TASK INSTRUCTIONS → An exact copy of the listing below is the answer, with the pictures removed.

DATA BELOW →
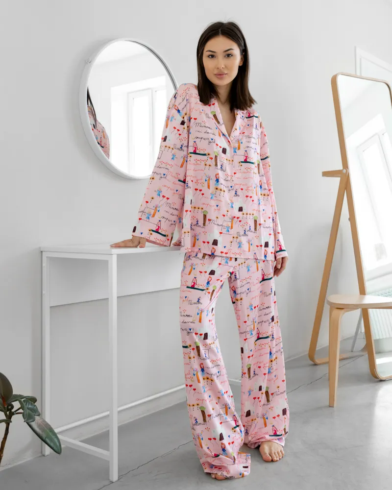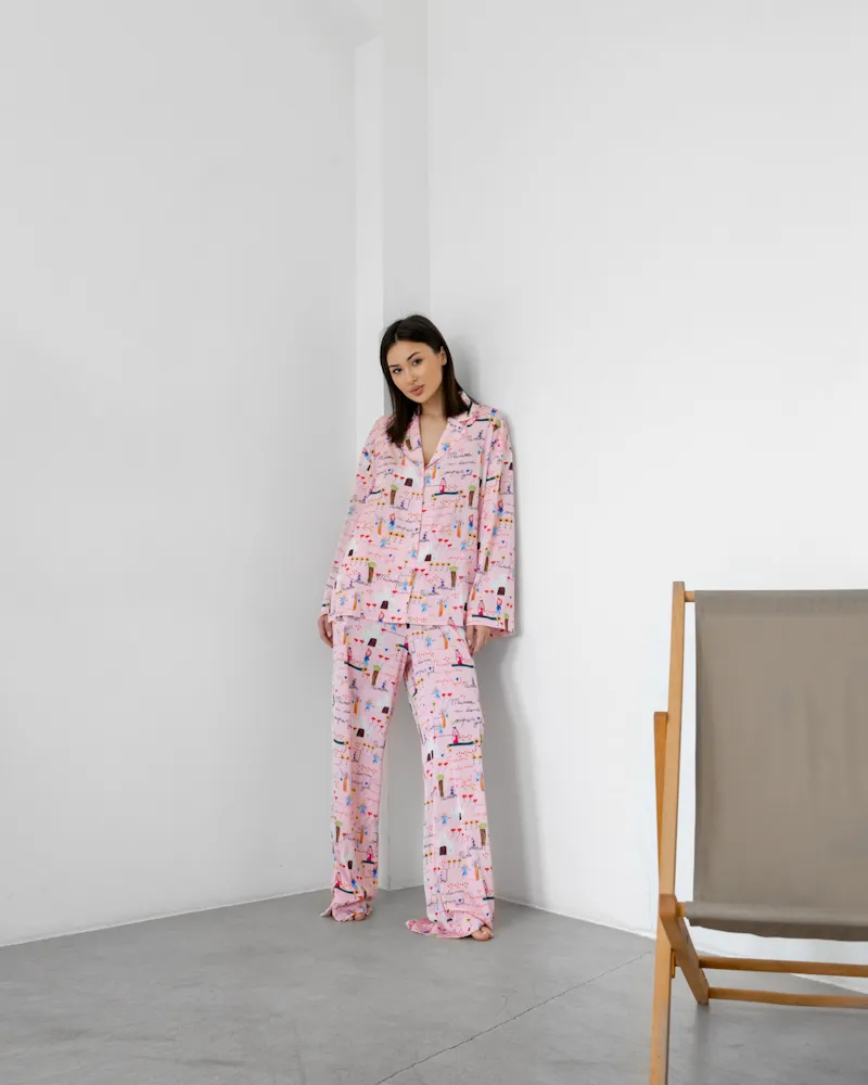 Піжама виконана в класичному стилі: сорочка на ґудзиках та штани прямого крою на резинці.
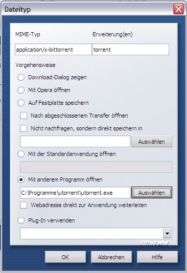 Nun einen Punkt bei „Mit anderem Programm öffnen“ und dort den Pfad zum Filesharing-Client angeben, an den die Torrent-Datei übergeben werden soll.
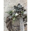 Základ tvoří přírodní proutěný korpus, který dodává věnci nadčasový, přírodní vzhled.Součástí zdobení je také malý dřevěný sněhulák, který celé aranži dodává zimní, hravý akcent.

WORKED SOLUTION →
 Піжама виконана в класичному стилі: сорочка на ґудзиках та штани прямого крою на резинці.
 Nun einen Punkt bei „Mit anderem Programm öffnen“ und dort den Pfad zum Filesharing-Client angeben, an den die Torrent-Datei übergeben werden soll.
 Základ tvoří přírodní proutěný korpus, který dodává věnci nadčasový, přírodní vzhled.Součástí zdobení je také malý dřevěný sněhulák, který celé aranži dodává zimní, hravý akcent.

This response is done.